Они сидели вдвоем на балконе, Антон и Маринка. Отсюда, с шестого этажа, им хорошо был виден и слышен Ленинградский проспект. Оттуда доносилось много разных звуков: и шелест автомобильных шин по асфальту, и вдруг лязг тормоза, и неясный гул человеческих голосов, и редкие звонки трамваев.
Уже стояла жаркая весна. Май близился к концу. Всюду продавали пучки ландышей и душистые ветки сирени — белой, темно-лиловой, розоватой. Ландыши были прохладными и пахли свежестью леса. А от букетов сирени в комнатах стоял весенний сладкий аромат.
Пройдет еще несколько дней, и в школе кончится учебный год. И в спортивной школе бассейна тоже скоро будет перерыв в занятиях — до осени.
Вместе с Антоном и Маринкой на балконе сидел и старый плюшевый медведь. Он примостился у Марины на коленях, доверчиво прижав к ее плечу свою разлохмаченную и потертую, но очень умную плюшевую морду.
Антон, покосившись на медведя, спросил:
— Все-таки играешь в игрушки?
Маринка запротестовала:
— Что ты! Почти все свои игрушки я отнесла в мой прежний детский сад. Как начала учиться в школе, так взяла и отнесла.
— А он?
Антон кивнул на медведя.
— Он? Он — да это же другое дело! Ну разве он игрушка? Он… — Маринка запнулась, подыскивая, как бы ей Антону сказать, и, не найдя подходящего слова, протянула своего мишку.
— Нет, ты послушай только. Он умеет даже разговаривать.
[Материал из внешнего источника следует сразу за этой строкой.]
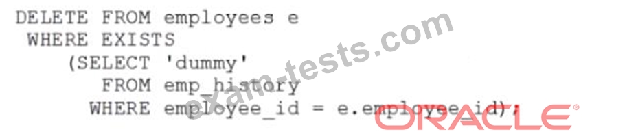 Table EMPLOYEES contains columns including EMPLOYEE_ID, JOB_ID and SALARY.
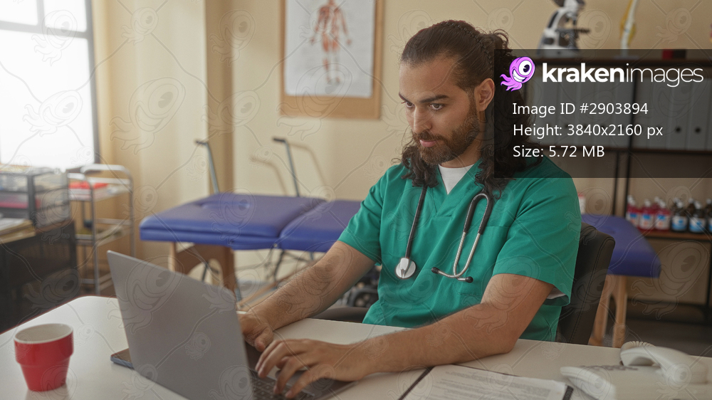 Young man doctor in green scrubs with stethoscope typing on laptop at clinic desk, reviewing notes; professional care focused.

Она опрокинула медведя на спину и тотчас подняла его. Мишка заурчал веселым добродушным баском. Черные бусинки его глаз лукаво посмотрели на Антона: «С чего это ты взял, что я игрушечный?»
Антон оживился и, взяв у Маринки мишку, заставил его тоже несколько раз поурчать. Потом сказал:
— Хороший он у тебя.
— Вот видишь!
— Вижу, — согласился Антон. И вдруг, отдавая медведя Маринке, он как-то задумчиво проговорил — А я, знаешь, скоро уеду из Москвы.
Маринка сказала:
— И я уеду скоро. Вот перейду во второй класс, и мы на лето поедем в деревню. С бабушкой. До осени.
— Да нет, — сказал Антон, — я-то не до осени. Я совсем уеду из Москвы. Навсегда, быть может.
— Как это — навсегда? — не поняла Маринка. — Как? Значит, на всю жизнь?
— А что ж — может статься, и на всю жизнь.
У Маринки на лице недоумение: как это возможно уехать из Москвы на всю жизнь? И не ходить по Ленинградскому проспекту? И не бывать на Красной площади? И не ездить в метро? И Маринка его не увидит больше, и он Маринку — тоже никогда? Что за непонятное такое говорит Антон?..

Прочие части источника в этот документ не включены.